Das Jahr 2017 war verletzungsbedingt eher urlaubsuntauglich, auf Krücken ist halt schlecht Motorrad fahren. Ursache war ein kleiner Unfall beim altmodischen Geländespocht Ende 2016 im fernen Rumänien. Dabei habe ich mir die untere Knie Gelenkplatte terminiert, wie alle behandelnde Ärzte bemerkten, eine üble Sache. Guckst du als Video.

BildKnieputt by Michael, auf Flickr

Nach zwei OP kann ich wieder fast normal laufen, komplette Streckung ist nicht mehr möglich, bedenklicher ist, das die Beugung halt stark eingeschränkt ist. Aber das Leben geht bzw. humpelt weiter.

Wie also das gesparte Geld und die Urlaubstage sinnvoll verbraten? Neuseeland ist schon lange auf der Liste. Ein Land sehr, sehr weit weg, am anderen Ende der Welt, dünn besiedelt, mit Menschen die eine Sprache sprechen, die dem Englischen etwas ähnelt. Man kann sich also meist verständlich machen. Was hat mich also bisher davon abgehalten, dort der bevorzugten Reisemöglichkeit mittels Zweirad nachzukommen?

Punkt 1: Die lange Flugzeit, so ca. 30 Stunden sind schon eine Ansage und die meist im Flugzeug auf begrenzten Platz mit ungemütlichen Schlafbedingungen.

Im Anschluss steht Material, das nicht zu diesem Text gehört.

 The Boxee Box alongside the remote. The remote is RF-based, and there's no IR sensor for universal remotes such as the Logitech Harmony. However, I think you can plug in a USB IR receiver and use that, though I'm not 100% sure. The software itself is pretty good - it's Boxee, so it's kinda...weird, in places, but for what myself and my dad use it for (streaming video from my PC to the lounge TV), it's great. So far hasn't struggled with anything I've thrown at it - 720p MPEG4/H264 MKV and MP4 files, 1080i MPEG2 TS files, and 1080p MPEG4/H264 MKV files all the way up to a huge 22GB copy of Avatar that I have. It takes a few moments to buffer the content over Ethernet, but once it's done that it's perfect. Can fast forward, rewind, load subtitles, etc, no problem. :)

Punkt 2: Wie kann ich mich dort mit einem motorbetriebenen Zweirad fortbewegen? Sein Eigenes verschiffen, ist aber bei einem geplanten Aufenthaltsdauer von 3 Wochen zu teuer. Bleibt also nur die Miete. Da gibt es aber inzwischen ein paar Neuseeländer, die voll in diese Marktlücke reingestoßen sind.

Punkt 3: Was das bloß alles kostet? Die Reisekasse entleert sich schnell, wenn man alleine die beiden ersten Punkte bedenkt. Und da man auch in Neuseeland zur Nahrungsaufnahme gezwungen ist und irgendwie, wenn es dunkel wird, einen mehr oder wenigen festen Schlafplatz haben möchte....................

Kurz gesagt, wer auf die Art reisen möchte, wird nicht billig wegkommen, aber ich gönne mir das einfach. Man lebt nur einmal, falls man den üblichen Religionen Glauben schenkt.

Außerdem dient es als Anhaltspunkt, was so die Motorrad Reisetauglichkeit meines Beines und die des restlichen Körpers anbelangt. Halbwegs laufen kann ich ja wieder und wie heimische Test ergaben, ist die Beugung zum Enduro Motorradfahren ausreichend.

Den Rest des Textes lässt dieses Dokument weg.